(a) For a nonempty subset $B$ , if there is $a\in B\cap A_{1}$ then the smallest element of $B$ is the $<_{1}$ -smallest element of $B\cap A_{1}$ , otherwise $B\subset A_{2}$ , and the smallest element of $B$ is the $<_{2}$ -smallest element of $B\subset A_{2}$ .

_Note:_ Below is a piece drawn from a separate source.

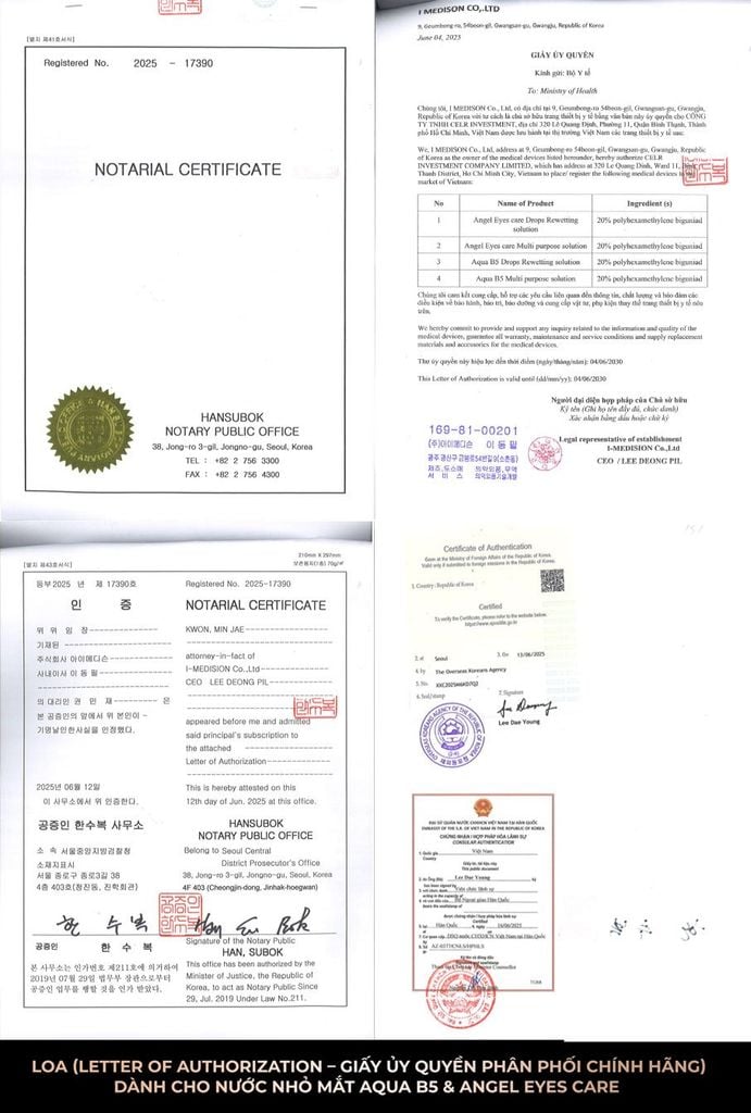 Xác nhận Angel Eyes là đơn vị phân phối được ủy quyền hợp pháp từ nhà sản xuất tại Hàn Quốc.

(b) Let $\{A_{\alpha}\}_{\alpha\in J}$ be a family of disjoint well-ordered (by $<_{\alpha}$ , respectively) sets where the index set $J$ is well-ordered by $<_{J}$ . Define an order relation on $A=\cup_{\alpha\in J}A_{\alpha}$ such that $a<b$ iff either $a\in A_{\alpha}$ , $b\in A_{\beta}$ and $\alpha<_{J}\beta$ , or $a,b\in A_{\alpha}$ and $a<_{\alpha}b$ . Then, $<$ is a well-ordering on $A$ . Indeed, for a nonempty set $B\subset A$ , the set of indexes $I=\{\alpha|B\cap A_{\alpha}\neq\emptyset\}$ is not empty, hence, there is the $<_{J}$ -smallest element $\gamma$ of $I$ . Further, the set $C=B\cap A_{\gamma}$ is not empty, and, hence, there is the $<_{\gamma}$ -smallest element $c$ of $C$ . For every $b\in B$ , $b\in A_{\alpha}$ for some $\alpha$ , and either $\gamma<_{J}\alpha$ , or $\gamma=\alpha$ and $c\le_{\gamma}b$ . In either case, we conclude that $c\le b$ , and $c$ is the smallest element of $B$ .